Полк был пехотный, однако не пешеходный. За кавалерийской сотней мягко шуршали по влажной весенней земле колеса пулеметных тачанок, за тачанками на бричках, повозках и гарбах[52] рысью двигались пехотные подразделения, позади битюги тащили полевые орудия.
Командир и комиссар ехали каждый на собственной двуколке. Овчарук вместе со своим связным-юнгой ехал на легкой, «поссессорской» тележке с плетеным соломенным сиденьем, в авангарде отряда «Полундра», впереди полка. Столяров с двумя вестовыми, старыми пехотинцами царской армии, ехал позади, в арьергарде, на тяжелой, кованной железом повозке почтового ведомства. До войны на этой повозке развозили почту по степным селам и хуторам.
При выходе из парка — там, где меж двумя старинными каменными «бабами» на самом краю оврага степной лес внезапно обрывается и дорога сразу выбегает на равнину, — столпились провожающие. Это был персонал Дендропарка: несколько объездчиков — теперь пеших, так как они отдали своих коней кавалерии полка, — два старика садовника, шесть девушек — их помощницы, кучер хозяина парка, расставшийся со своим кабриолетом, который он отдал под пулеметную тачанку, и сам Давыдов — владелец волшебного лесного хозяйства в южной голой степи.

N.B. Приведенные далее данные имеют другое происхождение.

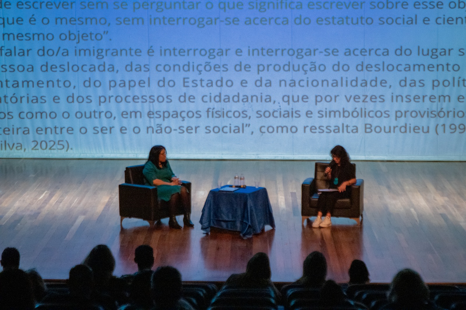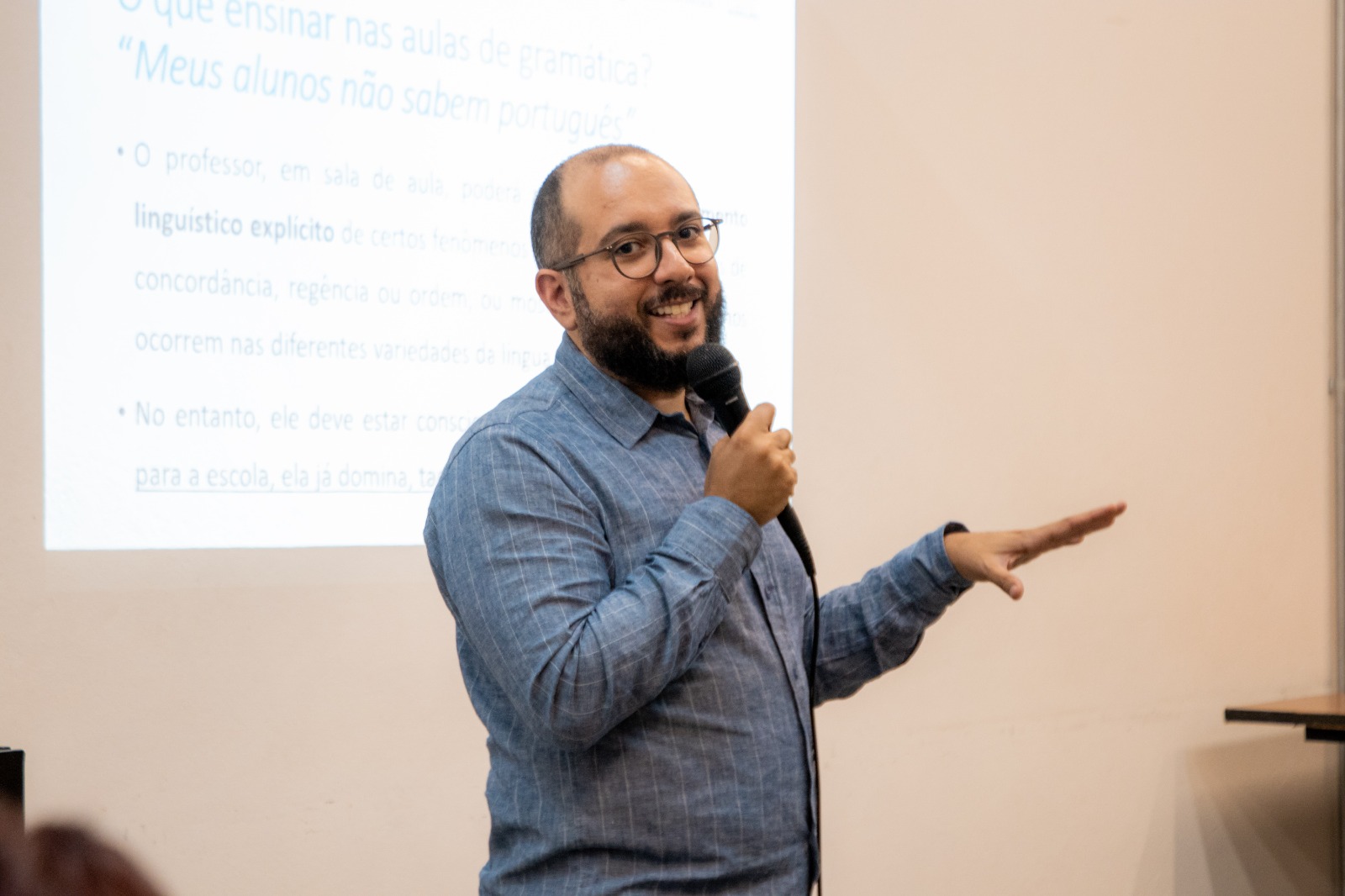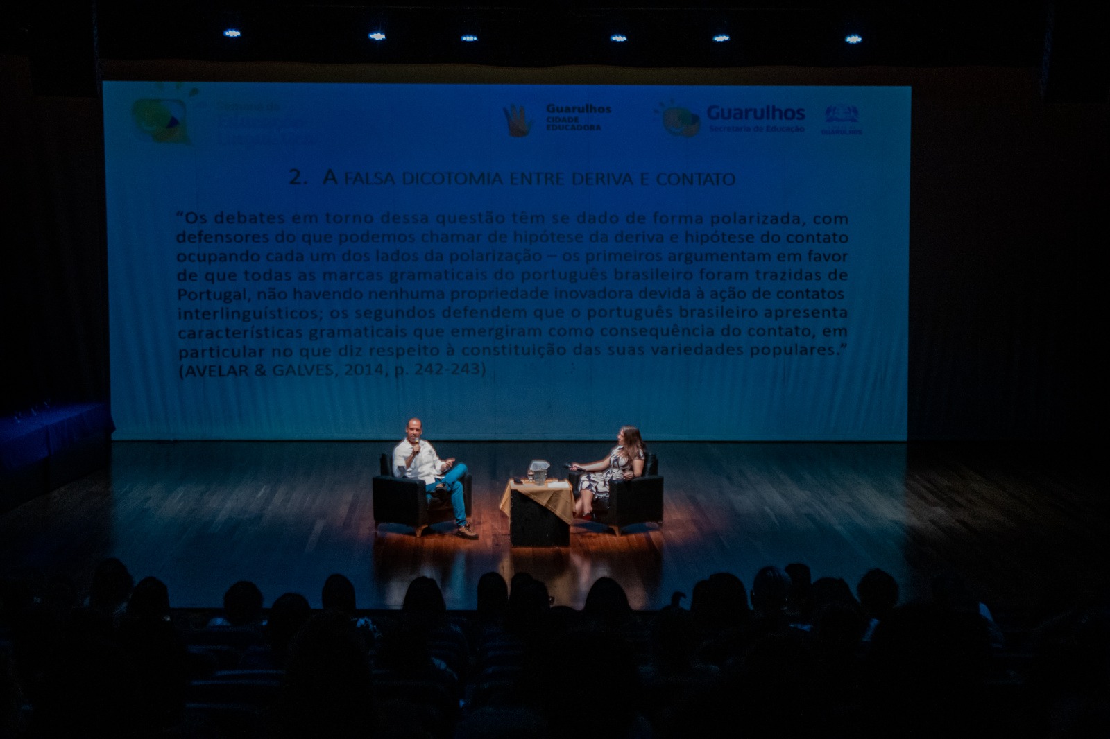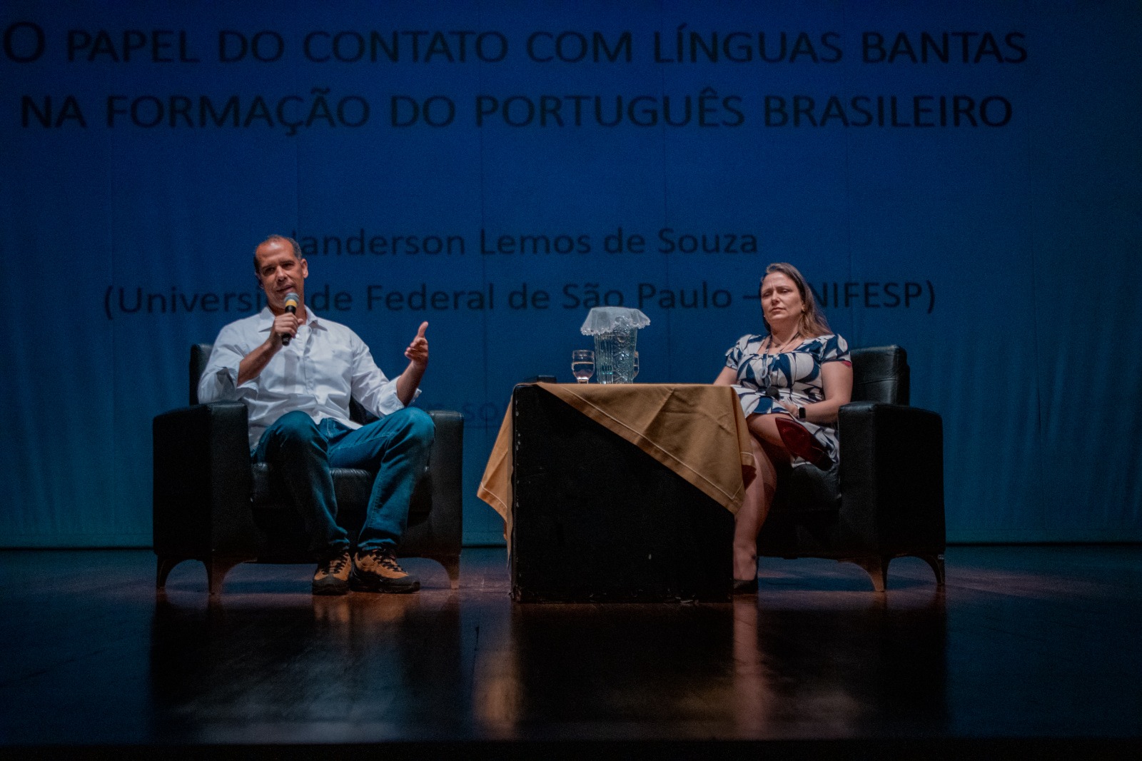 A primeira palestra foi ministrada pelo Prof. Dr. Janderson Lemos de Souza, que abordou o papel do contato com línguas bantas na formação da língua portuguesa. A mediação contou com a Prof.ª Ms. e doutoranda em Letras da Unifesp, Gláucia Antonovicz Lopes.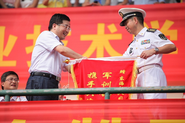 军训工作领导小组副组长、学工部、武装部部长励业宣读了表彰决定,对160名军训个人标兵、92个军训标兵寝室、12个优秀班集体、20名军训先进工作者及先进集体进行了表彰。 最后,姚奇富代表我校向东海舰队司令部军务处赠送锦旗,感谢他们对我校2014级学生军训工作的大力支持。

Командир Овчарук лихо промчался мимо провожающих. Ленточки бескозырки трепетали за его спиной.
— Пролетарский привет внуку декабриста! — крикнул он старику Давыдову, скрываясь в облаке степной пыли.
— Ви-ира-а! — гаркнули вслед за ним со своих линеек флотские из особого отряда «Полундра».
Бойцы, минуя провожающих, махали фуражками, одни — приветствуя Давыдова, другие — прощаясь с девушками-садовницами.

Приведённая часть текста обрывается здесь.